**Extracted information**
Start of Block

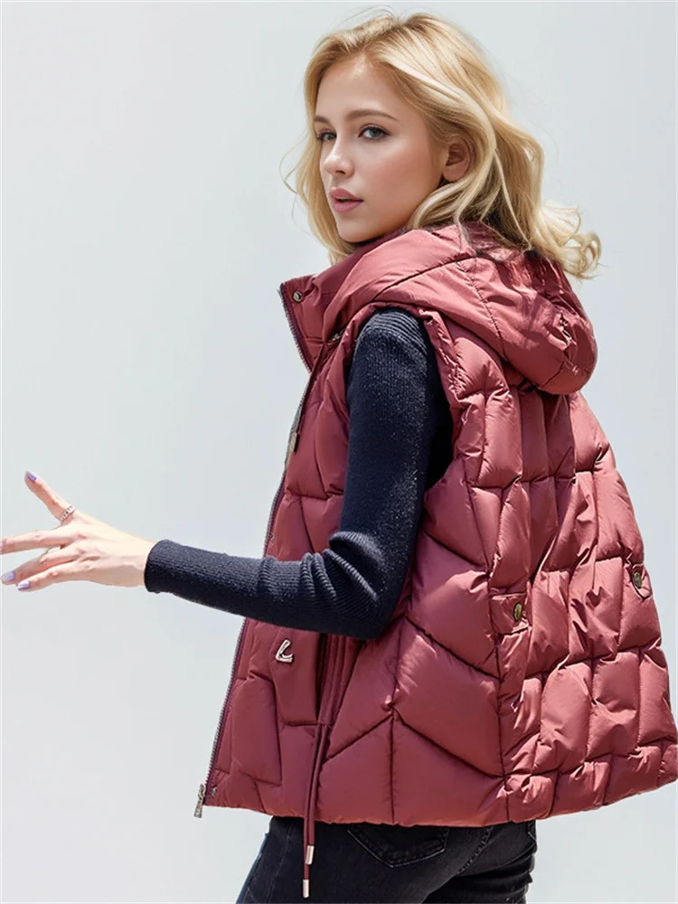 2024 Winter New Down Cotton Vest Jacket For Women Simple Solid Color Fashion Hood Zippered Vest Casual Warm Jacket
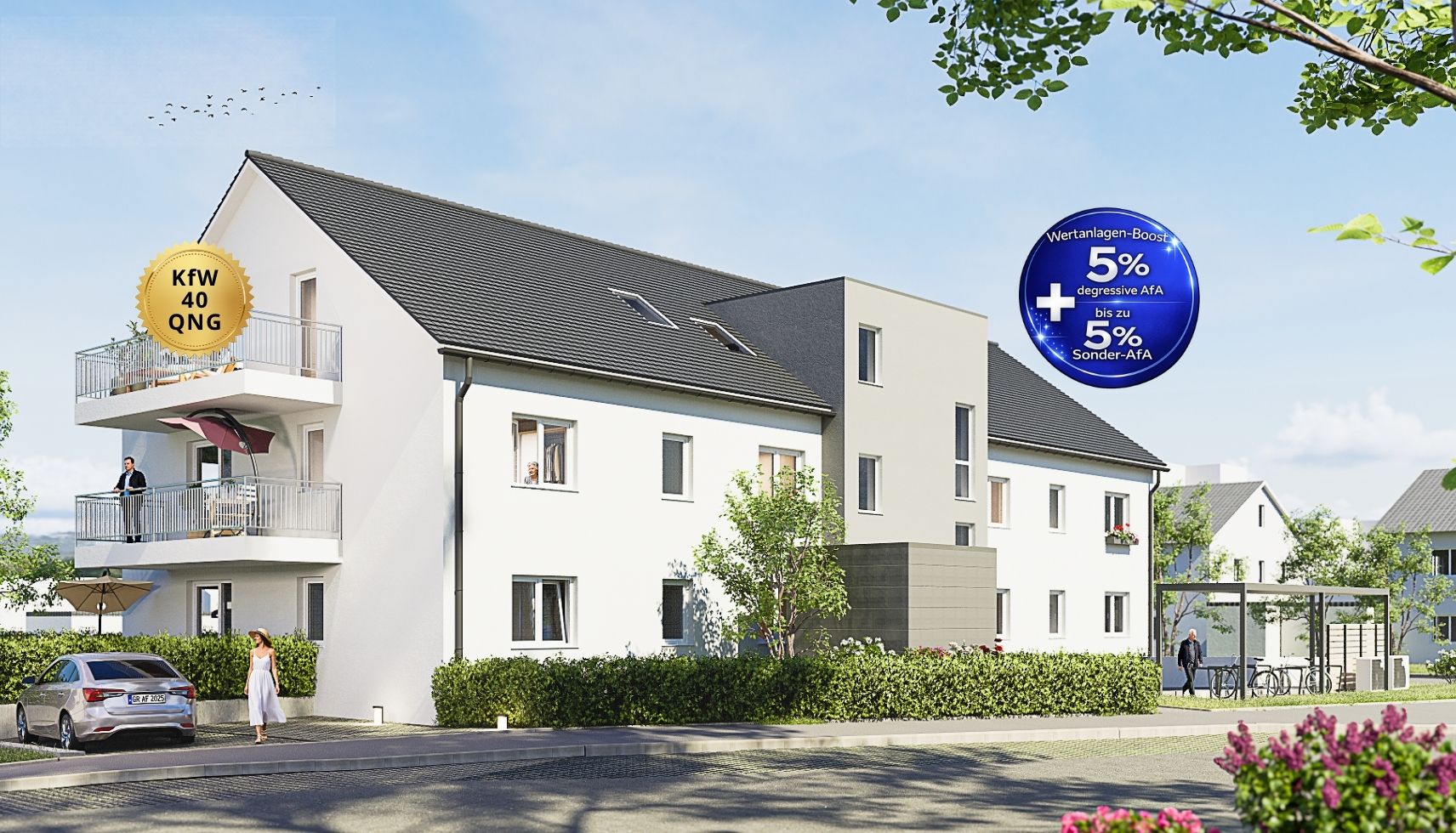 Die Architektur ist zeitlos und zurückhaltend – bewusst klar und modern gestaltet. Eine hochwertige Fassadengestaltung, große Fensterflächen und durchdachte Grundrisse sorgen für ein stimmiges Gesamtbild. Weniger auffällig, dafür langlebig und wertbeständigpassend zur Umgebung und zur Zielsetzung: Nachhaltig Werte schaffen.
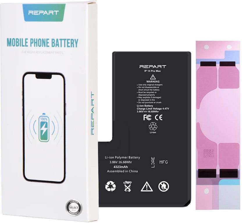 Bateria Akumulator do Apple iPhone 14 Pro Max 4323mAh Bez BMS REPART Baterie pochodzą z bieżącej produkcji i nie są starsze niż kilka miesięcy. REPART gwarantuje najwyższą jakość i długą żywotność akumulatorów. Uwaga! Bateria bez taśmy BMS (Battery Management System) wymaga odpowiednich narzędzi do montażu i przeznaczona jest dla profesjonalnych serwisów. Specyfikacja Producent: REPART Pasuje do modelu: iPhone 14 Pro Max Rodzaj ogniw: Li-ion (litowo-jonowe) Pojemność: 4323 mAh Napięcie: 3.86V Certyfikaty: CE, RoHS Kod magazynowy: 10341 Cechy produktu Zabezpieczenie przed przeładowaniem, przegrzaniem Zabezpieczenie przed przeciążeniem i przepięciami Stałe napięcie Długa żywotność i wydajność Szybkie ładowanie Zestaw zawiera Baterię zamienną do Apple iPhone Taśmę pod baterię Kartonowe opakowanie Repart
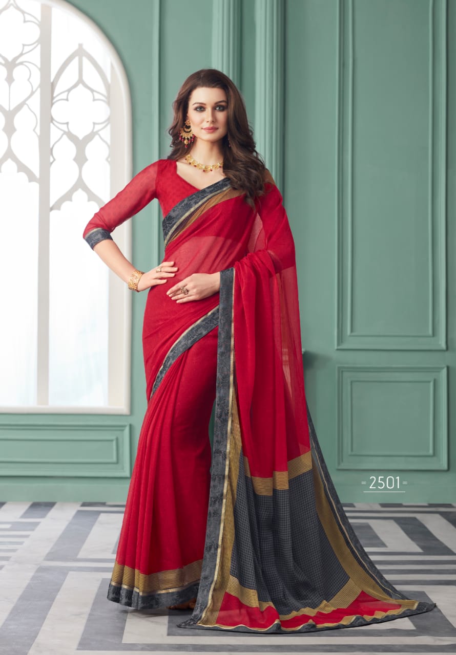 1). Catalog- Saanvi. 2). Fabric- Chiffon with Border. 3). Pcs.- 12. 4). Pack- Setwise. 5). Rate - 510 per pcs . Delivery 2 days |
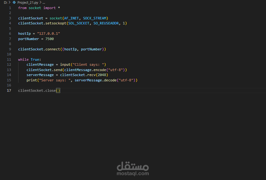 يقوم بربط (bind) الـ Socket بعنوان IP المحلي 127.0.0.1 والمنفذ 7500.
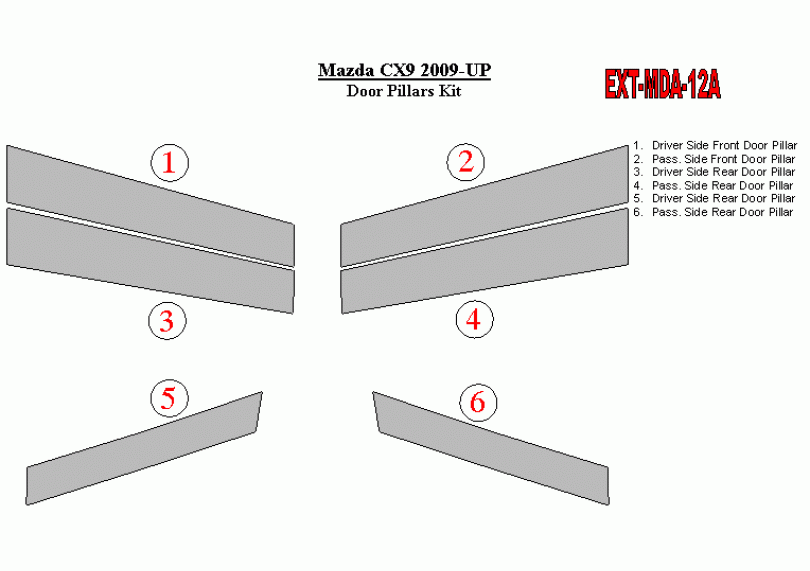 Mazda CX9 2009-UP Exterior Door Window Pillar Post Cover Trim
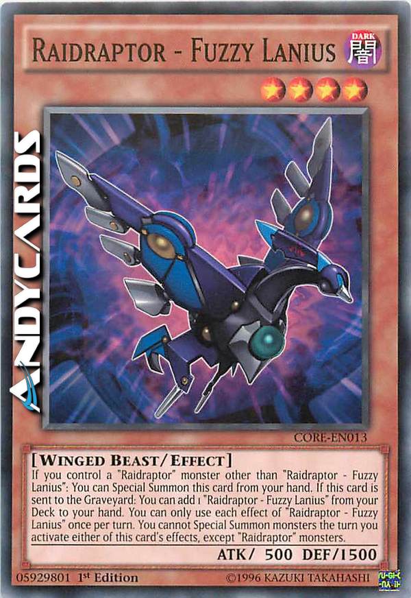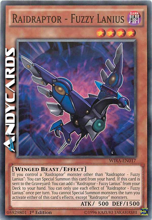 If you control a "Raidraptor" monster other than "Raidraptor - Fuzzy Lanius": You can Special Summon this card from your hand. If this card is sent to the Graveyard: You can add 1 "Raidraptor - Fuzzy Lanius" from your Deck to your hand. You can only use each effect of "Raidraptor - Fuzzy Lanius" once per turn. You cannot Special Summon monsters the turn you activate either of this card's effects, except "Raidraptro" monsters.
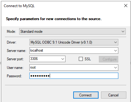Once that is done, Click the button at the top of the window. The connection dialog box for MySQL will appear, fill out the appropriate connection details of your existing MySQL server.
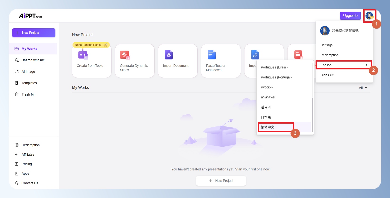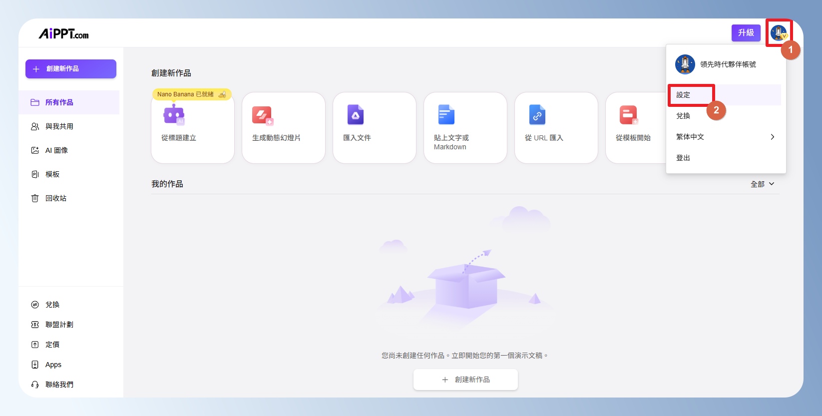 如果你的畫面是英文,可點選右上方的帳號頭貼,將「English」切換為「繁體中文」。

End of Block

**Your objective**
Only the lines from the beginning of the listing through the line with "Die Architektur ist", both ends included, are to be repeated exactly; pictures stay out.

**Written solution**
 2024 Winter New Down Cotton Vest Jacket For Women Simple Solid Color Fashion Hood Zippered Vest Casual Warm Jacket
 Die Architektur ist zeitlos und zurückhaltend – bewusst klar und modern gestaltet. Eine hochwertige Fassadengestaltung, große Fensterflächen und durchdachte Grundrisse sorgen für ein stimmiges Gesamtbild. Weniger auffällig, dafür langlebig und wertbeständigpassend zur Umgebung und zur Zielsetzung: Nachhaltig Werte schaffen.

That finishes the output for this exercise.